_THE DATA_:

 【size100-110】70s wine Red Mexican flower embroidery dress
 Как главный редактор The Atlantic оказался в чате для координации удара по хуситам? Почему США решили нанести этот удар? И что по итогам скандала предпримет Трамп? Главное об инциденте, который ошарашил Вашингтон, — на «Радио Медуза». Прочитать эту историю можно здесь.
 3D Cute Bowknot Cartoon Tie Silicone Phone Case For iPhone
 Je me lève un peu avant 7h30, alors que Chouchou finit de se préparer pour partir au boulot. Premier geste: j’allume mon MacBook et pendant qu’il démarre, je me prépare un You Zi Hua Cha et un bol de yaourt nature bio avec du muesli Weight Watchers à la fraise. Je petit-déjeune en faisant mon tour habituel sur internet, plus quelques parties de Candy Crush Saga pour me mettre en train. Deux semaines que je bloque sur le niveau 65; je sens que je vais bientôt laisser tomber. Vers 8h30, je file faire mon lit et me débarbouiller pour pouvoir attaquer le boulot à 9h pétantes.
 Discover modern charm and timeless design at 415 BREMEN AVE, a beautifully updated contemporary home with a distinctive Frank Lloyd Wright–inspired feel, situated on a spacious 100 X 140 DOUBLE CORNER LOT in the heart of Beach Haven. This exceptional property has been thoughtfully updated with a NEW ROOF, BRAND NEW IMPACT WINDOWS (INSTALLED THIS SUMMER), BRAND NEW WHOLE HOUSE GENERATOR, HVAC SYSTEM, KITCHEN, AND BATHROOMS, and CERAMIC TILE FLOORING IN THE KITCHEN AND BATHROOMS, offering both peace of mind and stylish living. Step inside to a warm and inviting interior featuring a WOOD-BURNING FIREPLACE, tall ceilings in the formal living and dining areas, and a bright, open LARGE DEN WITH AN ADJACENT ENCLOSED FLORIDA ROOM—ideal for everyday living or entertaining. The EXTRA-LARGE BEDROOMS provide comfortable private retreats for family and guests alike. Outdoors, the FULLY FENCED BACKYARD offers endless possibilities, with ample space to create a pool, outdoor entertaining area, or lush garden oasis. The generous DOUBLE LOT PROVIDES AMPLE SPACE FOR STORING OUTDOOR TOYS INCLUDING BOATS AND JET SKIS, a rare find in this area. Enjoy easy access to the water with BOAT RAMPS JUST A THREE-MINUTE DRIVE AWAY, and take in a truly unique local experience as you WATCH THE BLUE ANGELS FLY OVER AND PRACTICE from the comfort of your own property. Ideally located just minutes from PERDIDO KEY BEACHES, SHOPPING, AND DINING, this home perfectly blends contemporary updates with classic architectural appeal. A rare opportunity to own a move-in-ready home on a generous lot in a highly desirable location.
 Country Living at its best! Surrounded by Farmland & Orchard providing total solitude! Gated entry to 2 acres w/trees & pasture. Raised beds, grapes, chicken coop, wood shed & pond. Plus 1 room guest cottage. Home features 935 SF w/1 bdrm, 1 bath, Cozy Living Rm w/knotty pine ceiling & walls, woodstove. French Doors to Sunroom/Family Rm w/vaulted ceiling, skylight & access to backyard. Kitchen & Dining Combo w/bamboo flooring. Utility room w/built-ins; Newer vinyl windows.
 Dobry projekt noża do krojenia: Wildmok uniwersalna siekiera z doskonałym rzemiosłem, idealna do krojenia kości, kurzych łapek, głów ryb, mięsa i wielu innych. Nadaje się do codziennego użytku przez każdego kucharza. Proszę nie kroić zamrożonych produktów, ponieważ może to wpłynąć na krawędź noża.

_WORK TO BE COMPLETED_:
Each record above should be returned exactly as it appears.

_REPLY_:
 【size100-110】70s wine Red Mexican flower embroidery dress
 Как главный редактор The Atlantic оказался в чате для координации удара по хуситам? Почему США решили нанести этот удар? И что по итогам скандала предпримет Трамп? Главное об инциденте, который ошарашил Вашингтон, — на «Радио Медуза». Прочитать эту историю можно здесь.
 3D Cute Bowknot Cartoon Tie Silicone Phone Case For iPhone
 Je me lève un peu avant 7h30, alors que Chouchou finit de se préparer pour partir au boulot. Premier geste: j’allume mon MacBook et pendant qu’il démarre, je me prépare un You Zi Hua Cha et un bol de yaourt nature bio avec du muesli Weight Watchers à la fraise. Je petit-déjeune en faisant mon tour habituel sur internet, plus quelques parties de Candy Crush Saga pour me mettre en train. Deux semaines que je bloque sur le niveau 65; je sens que je vais bientôt laisser tomber. Vers 8h30, je file faire mon lit et me débarbouiller pour pouvoir attaquer le boulot à 9h pétantes.
 Discover modern charm and timeless design at 415 BREMEN AVE, a beautifully updated contemporary home with a distinctive Frank Lloyd Wright–inspired feel, situated on a spacious 100 X 140 DOUBLE CORNER LOT in the heart of Beach Haven. This exceptional property has been thoughtfully updated with a NEW ROOF, BRAND NEW IMPACT WINDOWS (INSTALLED THIS SUMMER), BRAND NEW WHOLE HOUSE GENERATOR, HVAC SYSTEM, KITCHEN, AND BATHROOMS, and CERAMIC TILE FLOORING IN THE KITCHEN AND BATHROOMS, offering both peace of mind and stylish living. Step inside to a warm and inviting interior featuring a WOOD-BURNING FIREPLACE, tall ceilings in the formal living and dining areas, and a bright, open LARGE DEN WITH AN ADJACENT ENCLOSED FLORIDA ROOM—ideal for everyday living or entertaining. The EXTRA-LARGE BEDROOMS provide comfortable private retreats for family and guests alike. Outdoors, the FULLY FENCED BACKYARD offers endless possibilities, with ample space to create a pool, outdoor entertaining area, or lush garden oasis. The generous DOUBLE LOT PROVIDES AMPLE SPACE FOR STORING OUTDOOR TOYS INCLUDING BOATS AND JET SKIS, a rare find in this area. Enjoy easy access to the water with BOAT RAMPS JUST A THREE-MINUTE DRIVE AWAY, and take in a truly unique local experience as you WATCH THE BLUE ANGELS FLY OVER AND PRACTICE from the comfort of your own property. Ideally located just minutes from PERDIDO KEY BEACHES, SHOPPING, AND DINING, this home perfectly blends contemporary updates with classic architectural appeal. A rare opportunity to own a move-in-ready home on a generous lot in a highly desirable location.
 Country Living at its best! Surrounded by Farmland & Orchard providing total solitude! Gated entry to 2 acres w/trees & pasture. Raised beds, grapes, chicken coop, wood shed & pond. Plus 1 room guest cottage. Home features 935 SF w/1 bdrm, 1 bath, Cozy Living Rm w/knotty pine ceiling & walls, woodstove. French Doors to Sunroom/Family Rm w/vaulted ceiling, skylight & access to backyard. Kitchen & Dining Combo w/bamboo flooring. Utility room w/built-ins; Newer vinyl windows.
 Dobry projekt noża do krojenia: Wildmok uniwersalna siekiera z doskonałym rzemiosłem, idealna do krojenia kości, kurzych łapek, głów ryb, mięsa i wielu innych. Nadaje się do codziennego użytku przez każdego kucharza. Proszę nie kroić zamrożonych produktów, ponieważ może to wpłynąć na krawędź noża.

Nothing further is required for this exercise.